Once freight rates go up, crops with a high value per tonne, like lentils, canary seed, mustard and peas, may produce a better net return on paper than more traditional cereals and oilseeds.
Advantage disappears
But if too many farmers make the switch at once, that advantage could disappear.
“I can see overproduction, prices falling, people getting out of production, prices going up. I can see the volatility and all that does is increase the risk to the producer and to the grain trade.”

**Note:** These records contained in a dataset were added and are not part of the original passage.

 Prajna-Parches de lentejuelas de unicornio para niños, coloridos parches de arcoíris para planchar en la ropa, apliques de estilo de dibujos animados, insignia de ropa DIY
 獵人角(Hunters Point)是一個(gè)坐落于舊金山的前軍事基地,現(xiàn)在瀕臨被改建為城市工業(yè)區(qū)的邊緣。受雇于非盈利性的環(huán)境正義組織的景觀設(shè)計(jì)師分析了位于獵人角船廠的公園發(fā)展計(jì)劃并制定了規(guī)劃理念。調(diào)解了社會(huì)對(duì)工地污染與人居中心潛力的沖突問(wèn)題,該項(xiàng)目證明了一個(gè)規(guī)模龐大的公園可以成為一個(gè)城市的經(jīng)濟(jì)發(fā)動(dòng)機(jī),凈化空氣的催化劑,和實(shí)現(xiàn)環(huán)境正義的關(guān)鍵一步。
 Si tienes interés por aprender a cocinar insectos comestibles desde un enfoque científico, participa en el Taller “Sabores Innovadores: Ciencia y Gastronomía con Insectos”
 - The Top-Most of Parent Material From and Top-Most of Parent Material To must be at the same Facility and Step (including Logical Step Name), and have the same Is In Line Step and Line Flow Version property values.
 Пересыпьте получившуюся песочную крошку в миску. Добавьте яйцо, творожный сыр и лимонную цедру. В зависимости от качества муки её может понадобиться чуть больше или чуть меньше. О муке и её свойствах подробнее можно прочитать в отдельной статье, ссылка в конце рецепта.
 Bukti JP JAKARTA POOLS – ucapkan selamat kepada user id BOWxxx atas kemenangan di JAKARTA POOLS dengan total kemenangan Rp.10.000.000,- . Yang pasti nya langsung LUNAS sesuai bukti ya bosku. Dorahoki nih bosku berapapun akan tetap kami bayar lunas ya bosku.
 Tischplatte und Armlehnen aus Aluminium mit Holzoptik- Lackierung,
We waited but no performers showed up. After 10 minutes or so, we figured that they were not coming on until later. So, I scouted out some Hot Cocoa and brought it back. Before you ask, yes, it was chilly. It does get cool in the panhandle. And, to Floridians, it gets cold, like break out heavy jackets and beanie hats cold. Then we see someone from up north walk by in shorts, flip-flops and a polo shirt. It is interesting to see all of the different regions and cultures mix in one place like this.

Adolphe added there is also a potential benefit from being the dominant player in world trade of a specific commodity. The exporter may be able to pass on a good portion of the additional freight cost to the customer in the form of higher prices. But that could encourage even more farmers to start growing the crop, increasing the market volatility.
Figures presented to the conference by Mike Pylypchuk of Saskatchewan Agriculture showed how tempting it will be for farmers to switch from traditional cereals to special crops after the Crow ends.
Different mix of crops
Among the major grains, the new freight regime could result in a different crop mix, said Pylypchuk.
In northeastern Saskatchewan, the total freight bill in 1995-96 (using preliminary freight rate figures) will range from $12.15 per seeded acre on flax and $18.17 on canola to $28.67 on wheat and $38.29 on feed barley.
Adolphe also cautioned against putting too much stock in predictions that the negative impact of higher freight rates will be offset by a boom in processing on
the Prairies.
“We can expand production quicker than we can expand markets,” he said. “That means we’ll be depressing prices and the cycle I was talking about earlier develops again.”